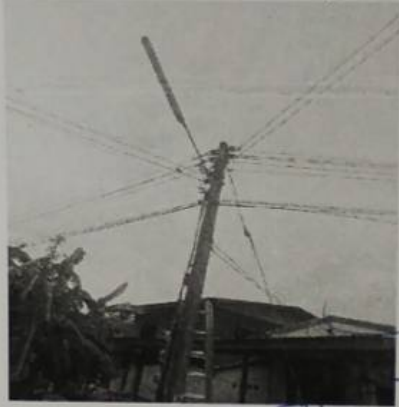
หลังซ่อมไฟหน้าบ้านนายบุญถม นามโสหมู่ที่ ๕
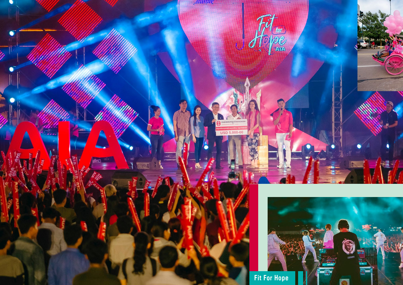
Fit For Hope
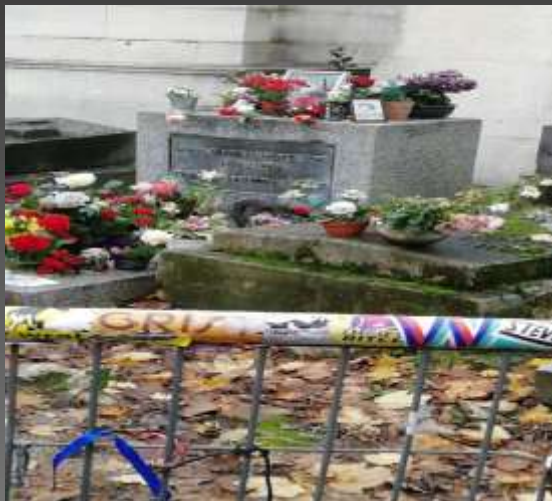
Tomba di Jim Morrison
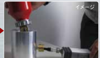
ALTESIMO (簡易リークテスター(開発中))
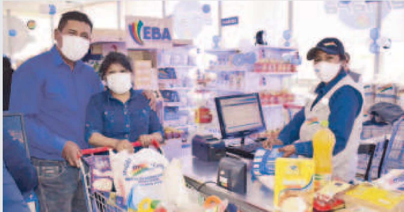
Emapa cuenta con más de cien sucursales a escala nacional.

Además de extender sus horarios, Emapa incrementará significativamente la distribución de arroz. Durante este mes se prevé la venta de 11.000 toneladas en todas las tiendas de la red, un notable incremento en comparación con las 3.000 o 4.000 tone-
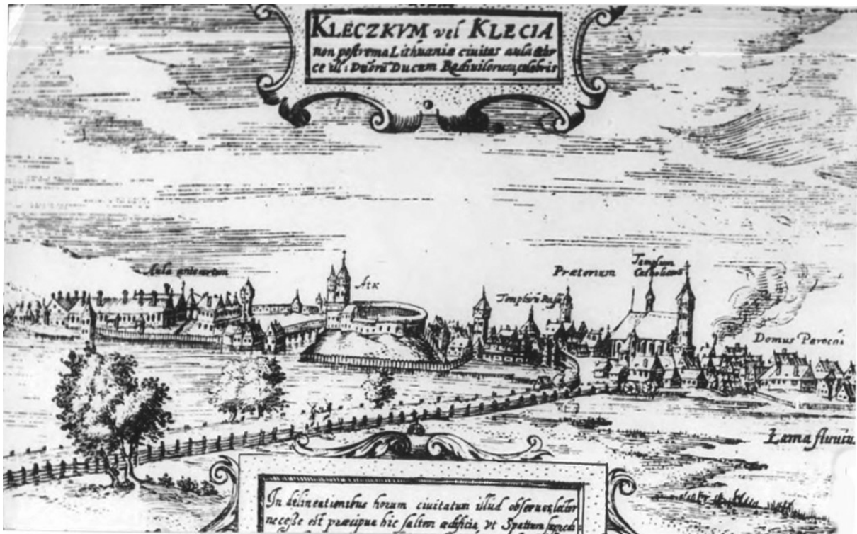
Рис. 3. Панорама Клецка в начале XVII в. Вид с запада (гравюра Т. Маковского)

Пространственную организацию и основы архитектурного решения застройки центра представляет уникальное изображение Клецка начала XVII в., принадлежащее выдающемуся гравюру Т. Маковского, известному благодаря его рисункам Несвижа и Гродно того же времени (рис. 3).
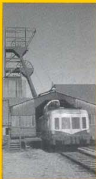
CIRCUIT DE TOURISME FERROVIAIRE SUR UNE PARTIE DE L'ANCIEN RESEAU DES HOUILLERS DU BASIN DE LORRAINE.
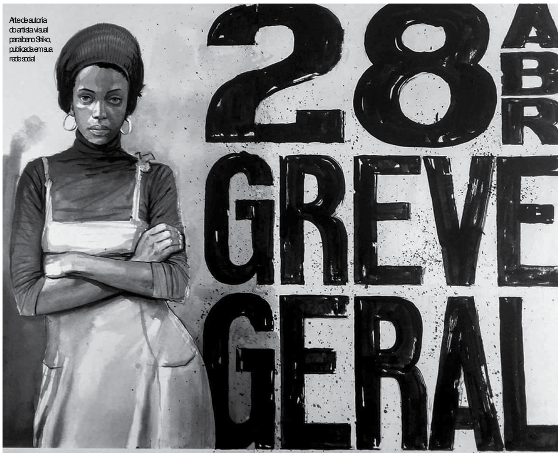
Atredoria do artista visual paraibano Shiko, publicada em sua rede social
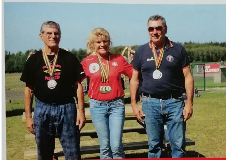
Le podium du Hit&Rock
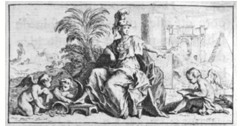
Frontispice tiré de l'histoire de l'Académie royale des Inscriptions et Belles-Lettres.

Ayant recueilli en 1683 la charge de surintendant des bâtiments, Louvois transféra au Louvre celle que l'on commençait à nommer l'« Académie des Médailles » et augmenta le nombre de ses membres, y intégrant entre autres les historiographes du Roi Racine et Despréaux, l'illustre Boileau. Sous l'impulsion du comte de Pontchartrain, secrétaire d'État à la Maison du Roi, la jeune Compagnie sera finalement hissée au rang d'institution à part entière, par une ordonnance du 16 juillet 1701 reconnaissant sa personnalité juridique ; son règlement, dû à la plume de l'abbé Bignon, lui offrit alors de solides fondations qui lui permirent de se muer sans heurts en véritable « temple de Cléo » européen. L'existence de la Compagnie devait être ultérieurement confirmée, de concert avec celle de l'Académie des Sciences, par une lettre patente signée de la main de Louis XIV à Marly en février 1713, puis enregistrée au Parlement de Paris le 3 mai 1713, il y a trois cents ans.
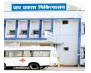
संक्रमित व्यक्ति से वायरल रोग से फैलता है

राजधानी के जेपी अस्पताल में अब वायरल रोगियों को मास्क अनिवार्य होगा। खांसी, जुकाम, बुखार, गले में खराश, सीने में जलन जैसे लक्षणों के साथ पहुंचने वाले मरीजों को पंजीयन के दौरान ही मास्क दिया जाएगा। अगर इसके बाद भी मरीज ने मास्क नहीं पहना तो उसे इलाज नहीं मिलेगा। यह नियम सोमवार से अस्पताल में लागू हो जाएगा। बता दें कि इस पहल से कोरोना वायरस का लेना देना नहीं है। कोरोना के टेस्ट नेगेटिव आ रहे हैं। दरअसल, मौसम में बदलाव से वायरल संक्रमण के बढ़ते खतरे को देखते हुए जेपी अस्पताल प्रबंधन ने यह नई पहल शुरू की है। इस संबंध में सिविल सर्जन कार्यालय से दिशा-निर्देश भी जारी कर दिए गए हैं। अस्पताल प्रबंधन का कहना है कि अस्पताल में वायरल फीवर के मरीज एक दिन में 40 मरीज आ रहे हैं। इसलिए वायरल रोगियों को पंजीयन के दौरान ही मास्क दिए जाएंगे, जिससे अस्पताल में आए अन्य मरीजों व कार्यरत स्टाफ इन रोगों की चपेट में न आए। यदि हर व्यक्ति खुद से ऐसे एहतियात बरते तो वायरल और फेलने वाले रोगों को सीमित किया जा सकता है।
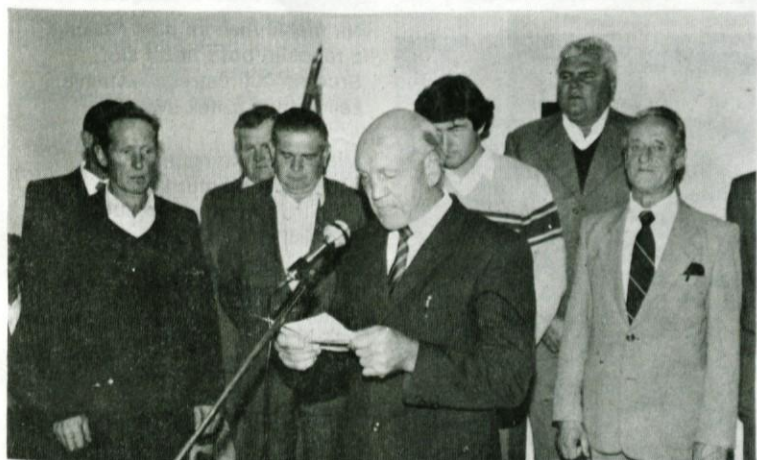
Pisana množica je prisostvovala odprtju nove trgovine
____
EXERCISE BRIEF:
How many of the lines in the records above include the word "Маковского"? State that number alone.

EXERCISE OUTPUT:
2